The questions / tl;dr
For clarification, at this point the all of my math does work, and with the Z-buffer off, it shows the classic problems with simply setting a paint order (two objects intersecting through each other, etc). This means that my math for determining the pixelX, pixelY and the fillPolygon call itself are acting appropriately.

The Z-buffer does function, but it has difficulty with a certain subset of camera theta and phi angles (azimuth and elevation). I have deduced that this has to do with my assessment of the pZ coordinate on a per pixel basis. All of that in mind...
• What needs to be done to the a perspective projected Z coordinate when the projection is complete? At the moment, I just leave it as it is, alongside it's projected x and y coordinate (in world coordinates), in order to get an equation of a plane from several of the projected points
• Is it even mathematically correct to assume that if several (10 to 12) points are co-planar before perspective projection, that they will still be co-planar after?
• Should I be using some other point as a reference for the final distance calculation? At the moment, I'm using the camera position (cX, cY, cZ) in world coordinates.
• Anything else I should be looking out for?

Disclaimer: I haven't worked on graphics this low level for 7 or 8 years, so most of this is subject to a quick and dirty implementation and sanity check.
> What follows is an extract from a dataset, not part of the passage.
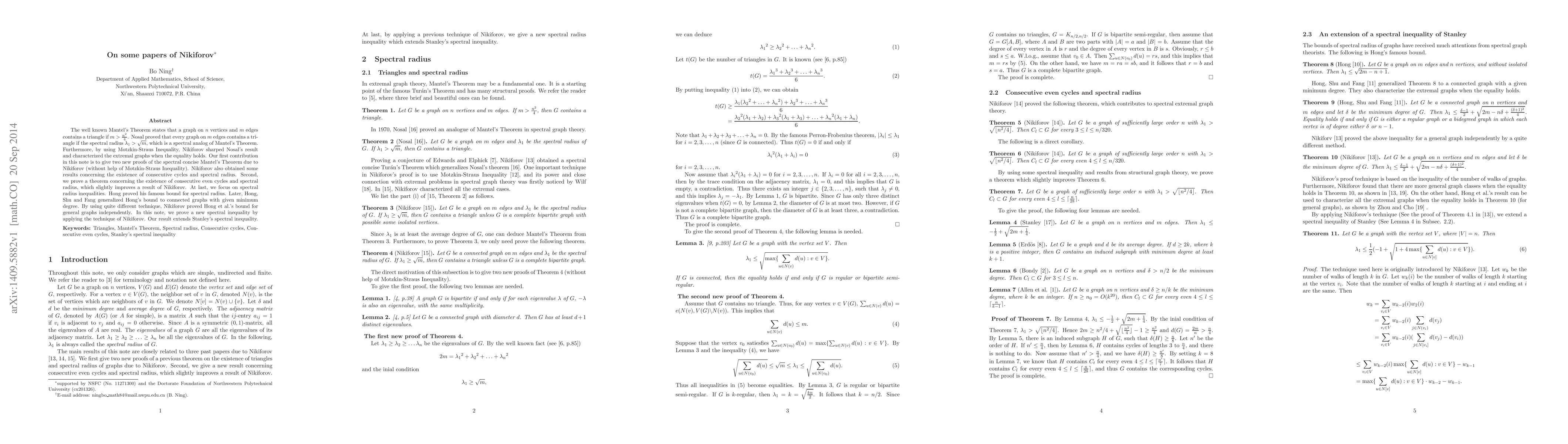 The well known Mantel's Theorem states that a graph on $n$ vertices and $m$ edges contains a triangle if $m>\frac{n^2}{4}$. Nosal proved that every graph on $m$ edges contains a triangle if the spectral radius $\lambda_1>\sqrt{m}$, which is a spectral analog of Mantel's Theorem. Furthermore, by using Motzkin-Straus Inequality, Nikiforov sharped Nosal's result and characterized the extremal graphs when the equality holds. Our first contribution in this note is to give two new proofs of the spectral concise Mantel's Theorem due to Nikiforov (without help of Motzkin-Straus Inequality). Nikiforov also obtained some results concerning the existence of consecutive cycles and spectral radius. Second, we prove a theorem concerning the existence of consecutive even cycles and spectral radius, which slightly improves a result of Nikiforov. At last, we focus on spectral radius inequalities. Hong proved his famous bound for spectral radius. Later, Hong, Shu and Fang generalized Hong's bound to connected graphs with given minimum degree. By using quite different technique, Nikiforov proved Hong et al.'s bound for general graphs independently. In this note, we prove a new spectral inequality by applying the technique of Nikiforov. Our result extends Stanley's spectral inequality.

• The perspective projected z coordinate should, if I recall correctly, be used as the entry in the z-buffer. If it's negative, the point is behind the image plane and should not be displayed. Naturally depending on how the z-buffer is handled this may have to be converted to an integer, etc. This is much quicker than computing the distance directly, and allows you to linearly interpolate the z-buffer value across triangles.
• I think in general an affine transformation does not necessarily preserve coplanarity of points. However, you shouldn't really be supporting non-triangle polygons at a low level anyways. Instead, if you want to support them at a high level, implement them with constructs like triangle strips. Done right it won't need anymore data, and will actually be quicker to render because you don't have to deal with all the awful stuff involved in filling an arbitrary polygon.
• See the first bullet point.
• Implement simple linear interpolation across triangles and a lot of stuff like basic shading and texture mapping is very easy to add on.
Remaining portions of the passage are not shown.